Again,

Justin Schwartz jkschw at hotmail.com
Tue Dec 4 10:09:51 PST 2001



>
>
> > It's still not clear why that is an empirical question.
>
>In some possible worlds, only the agent contemplating a particular course
>of
>action would know what's best for them. But not in this one.

So why is this an empirical question? Why isn't our determination about what's best for someone a largely ethical question?


>
> > And while you are
> > right about children, we were not talking about children. Most of us
>would
> > agree that competent adults are the best judges of their own best
>interests,
>
>Sure. But the qualifier "competent" seems to turn your argument into a
>tautology unless you mean competent in some sense other than "able to judge
>their own interests."

Not at all. By "competent," I mean in part having the kind of judgment, training, and self control we expect of other adults. That does go along with the moral judgment taht competent persons are more or less responsible for their choicesa nd know their own interests, but if that's a tautology, it's not a "mere" one. It's part of a huge set of quasi-a priori assumptions about what a person is, what's a moral judgment, etc. And this goes to why the supposedly uninteresting and supposedly empiriacl statement we are discussing is neither.


>
> > and, moreover, that even when they're wrong they have the right to make
> > their own mistakes.
>
>That's only because it's far too costly (in several different ways) to
>prevent people from making their own mistakes in many cases.

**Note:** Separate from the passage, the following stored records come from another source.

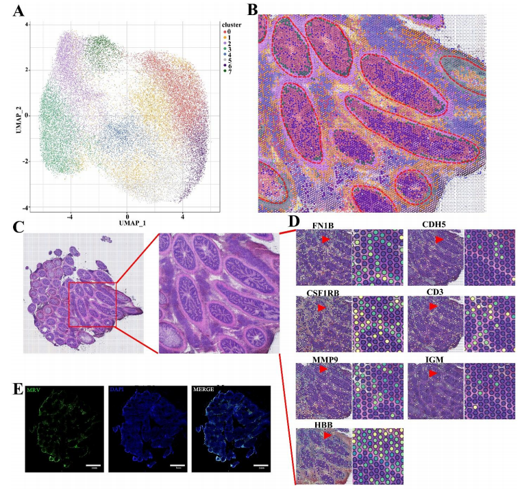 空間轉錄組:感染蛙虹彩病毒(MRV)的鱖魚的幽門盲囊組織
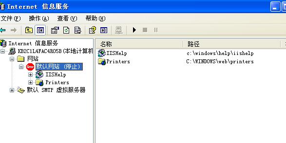 第二步,打開“Internet信息服務”,然后進入“網站”,會看的上圖所示的結果,如果你的網站是處于運行狀態的,你會在“默認網站”后面看到“運行”的字樣,而我這里是“停止”,但是這個不影響。
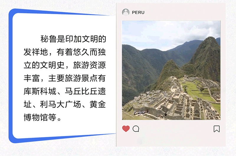 中國和秘魯都是文明古國,兩(liang) 國友誼源遠流長,人民友好深入人心。習(xi) 近平主席曾以“秘魯是中國在太平洋對岸的‘鄰居’”形容中秘關(guan) 係,生動詮釋了兩(liang) 國和兩(liang) 國人民之間“相知無遠近”的深厚友誼。
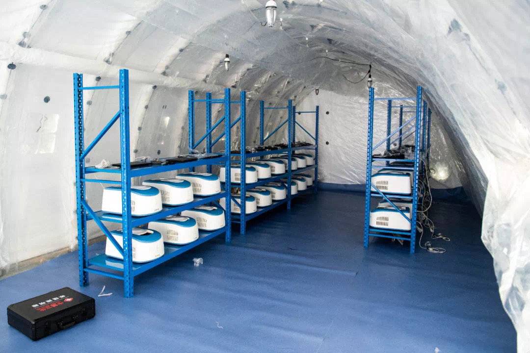 此次投用的实验室也叫“气柱式帐篷实验室”,主要有三个方面优点:一是安装便捷,只需简单平整场地后即可进行快速搭建,在1天之内投入抗“疫”战线;二是检测容量大,1个气膜实验室相当于数个到数十个医疗机构检测能力的总和;三是便于移动,能根据需要快速调度到各种气候条件的地区进行支援。
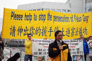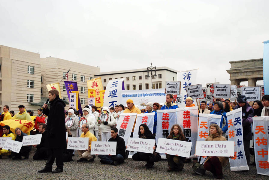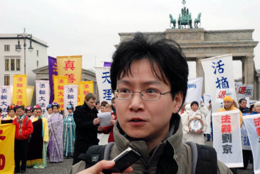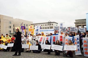 十五日中午十二点整,游行队伍聚集在亚纳维兹桥(Jannowitzbruecke)上的中领馆前,欧洲法轮大法协会主席吴先生在发言中表示,法轮功使上亿人身心健康,对法轮功的迫害实质上是中共邪恶本性使然,是对全人类的迫害。
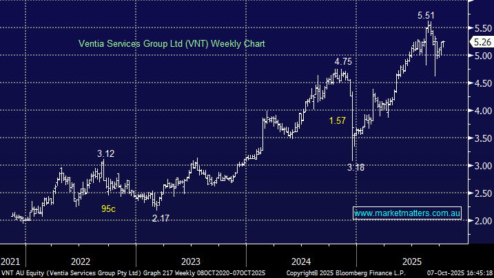 VNT is a $4.4bn infrastructure services provider, operating in Australia and New Zealand. It manages, operates and maintains critical public and private assets, including telecommunications, defence bases, energy networks, water systems, and road & rail infrastructure. Before listing in late 2021, it was jointly owned by CIMIC Group (formerly Leighton Holdings) and private equity firm Apollo Global Management and operated under the “Leighton Services” brand. So far, the stock has rewarded investors in 2025, advancing close to 50% tracking revenue, which has risen steadily from $4.6bn in 2021 to an Est. $6.2bn in 2025.
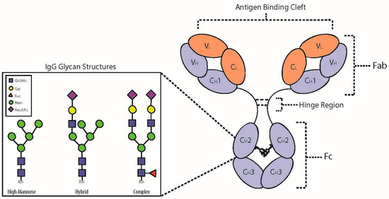 Immunoglobulin G (IgG) is an important effector glycoprotein linking the innate and adaptive branches of the immune system. It has the ability to exert both anti-inflammatory and pro-inflammatory responses throughout the body, which are triggered by antigen recognition, and are dependent on its affinity for a number of different activating or inhibitory fragment crystallisable receptors (FcRs) and complement factors. This process mediates key effector functions, including pathogen clearance, antibody-dependent cell cytotoxicity (ADCC), and complement-initiated inflammation, all with both beneficial and detrimental effects depending on the premise of the IgG activity. For example, during primary bacterial infection, IgG can initiate opsonisation through complement activation and phagocytosis of the bacterial cells by macrophages, monocytes and neutrophils, as well as neutralise endotoxins and exotoxins [1,2,3]. These beneficial effects are well-established and have been harnessed in the form of intravenous immunoglobulin therapy in immunodeficient individuals [4]. On the contrary, there are examples where these effects are detrimental, such as in rheumatoid arthritis patients [5,6,7]. In this instance, IgG is thought to tandemly bind synovial cells and mannose-binding lectin (MBL), resulting in the initiation of the lectin complement cascade and secondary damage of surrounding tissues within the synovial joints [5,6,7]. These immune responses are largely modulated by the fragment crystallisable (Fc) domain of the IgG glycoprotein (Figure 1).

Sez you. I sez, even if it wewre cheap to fix, people have the right to make their own mistakes. Incidentally this goes for kids too, up to a point.


>
> > Tie this more tightly to a real case. Were you talking
> > about women in Afghanistan who prefer to wear burkhas, or what?
>
>Daredevils who don't wear seatbelts.

What??
>
> > > Without the war they wouldn't have dared to go anywhere near this far,
>
>Maybe.
>
> > and you know it.
>
>No, I don't.

Being young gives you licence to be dumb, but this is over the line. Your boring and false ethical theory pushes all the questions to the empirical side, so you have an obligation to get them right. Explain why you think there is any chance whatsoever taht the govtw ould have suspended civil liberties within 40 miles of where it has without the excuse of a war.


>> > In reasonably wealthy societies where, if things were arranged
>>properly,
> > people could be brought up to abide by principles of justice, freedom
>comes
> > first.
>
>Of what sort? Freedom of the pocketbook takes precedence in the US, and
>the
>best way to argue against it is to point out that it's diametrically
>opposed
>to the majority's welfare.

Luke, you gotta read your Rawls. This one isn't hard, should take you about five minutes. Go find a statement of the 2 principles of justice, and you explain to be why what you said is wrong.


>
> > I note that your low evaluation of freedom is not shared by many
>ordinary
> > people throughout history, who have struggled and died to win the
>freedoms
> > we have.
>
>I'll grant you that many ordinary people have struggled and died for more
>misguided and destructive causes (religion quickly comes to mind).

Freedom is a misguided and destructive cause?

My
>evaluation of freedom is actually loftier than you take it to be, despite
>the fact that I refuse to extol its virtues ueber alles.

Nothing you have said indicates that you have any regard for it whatsoever.


>Go reread On Liberty, which cam be
>taken
> > as a consequentialist defense of the priority of liberty.
>
>Mill was a classical liberal. Some consequentialists defend conservatism
>and libertarianism. That doesn't suffice to show that a consequentialist
>is
>committed to any of those sets of political principles.
>

You must have been bitten by the tupid bug today, it happens to me sometimes too. Luke, I am not saying taht consequentialism requires taht you adopt Mill's views. (In fact I think that taken seriously, Mills views are inconsistent with consequentialsim, but that is another story.) I am saying that you should reaquiant yourself with the specific arguments in On Liberty, which are still the most powerful challenge to your glib paternalism.